Dismantling KillDisk: reverse of the BlackEnergy destructive component

Let us skip the long introduction on BlackEnergy threat and go straight to studying the malware component called “ololo.exe” also known to the public as KillDisk. KillDisk is a module of BlackEnergy framework aimed at data destruction and creating havoc / distraction during the APT operations.

https://www.virustotal.com/en/file/11b7b8a7965b52ebb213b023b6772dd2c76c66893fc96a18a9a33c8cf125af80/analysis/

The main tools used in our analysis today are Process Monitor that is a part of SysInternals utilities by Mark Russinovich and IDA Pro Disassembler. All manipulations will be performed in virtual environment based on Windows XP operating system. We start with making a quick initial setup of test VM, power on the machine and create a snapshot called “Before infection”. Let us begin!

In order to keep track of all events related to our subject of study we launch Process Monitor and make sure it stays visible:

And that it tracks the needed process:

Next, we load the virus into IDA Pro Disassembler and see the following picture.

This is the WinMain function, i.e. the main function so we begin its analysis and see that the first (and only) thing it does will be procedure call named sub_40E070:

So let us head straight to that procedure. Here we can find procedures responsible for extraction of file extensions into memory and the first procedure right after them that calls an interesting thingy called sub_40E080:

Let us take a closer look at its contents:

Its insides contain one interesting system call CreateFile and couple procedures sub_40C390 and sub_40C400. So it is about time to take a snapshot of our virtual lab and continue our journey!
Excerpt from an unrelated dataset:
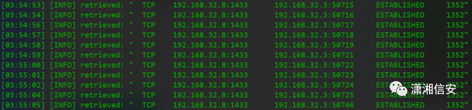 通过Netstat命令查看MSSQL数据库1433端口的网络连接状态,可以看到与当前MSSQL数据库服务器192.168.32.8建立连接的只有192.168.32.3,由此可以判断这台主机为Web服务器。

Let us examine function call CreateFile, set the BreakPoint on it and execute our study sample:

A little hint regarding this function:

As we know most of compilers pass argumetns to a function through a stack and since we are dealing with a sample initially written in C, and according to C directives arguments are pushed onto the stack from right to left in a way that first function argument is pushed last onto the stack and ends up being the first element on it’s top. [1].

There is a special register for working with the stack – ESP (Extended Stack Pointer). The ESP, by definition, always points to the top of the stack:

A look into the stack:

The last argument that got pushed into the stack (one on its top) is the first argument accepted by the function (according to syntax of CreateFile function) and it contains file name in our case \\.\PHYSICALDRIVE0, thus the target is first physical drive.

Now we analyze other arguments sent to the function by taking their values from the stack:

Some conclusions:

• lpFileName – pointer to ASCIIZ-string containing name (path) of the file being opened or created (as we did already find out);
• dwDesiredAccess – access type to the file: in our case the value is 0C0000000h that means GENERIC_READ+GENERIC_WRITE or read-write access;
• DwShareMode – a mode that enables sharing of the files with different processes and this parameter can have different values in our case the value pf 00000003b translates into of  FILE_SHARE_READ+FILE_SHARE_WRITE or  other processes can open file for read/write;
• IpSecurityAttributes – pointer to SecurityAttributes structure (file winbase.h) that defines security settings related to kernel file object, if security is not set a NULL value is used;
• dwCreationDistribution – is responsible for deciding actions when file does or does not exist, in our case a value of 3 means OPEN_EXISTING or open file if it exists, and return an error if it does not exist;
• DwFlagsAndAttributes – flags and attributes; this parameter is used to set characteristics of created file and is ignored in read mode 0.
• hTemplateFile – parameter is used only when new file is created 0.
• Upon success the function returns new file’s handler to ЕАХ And if function failed a NULL is written into ЕАХ register.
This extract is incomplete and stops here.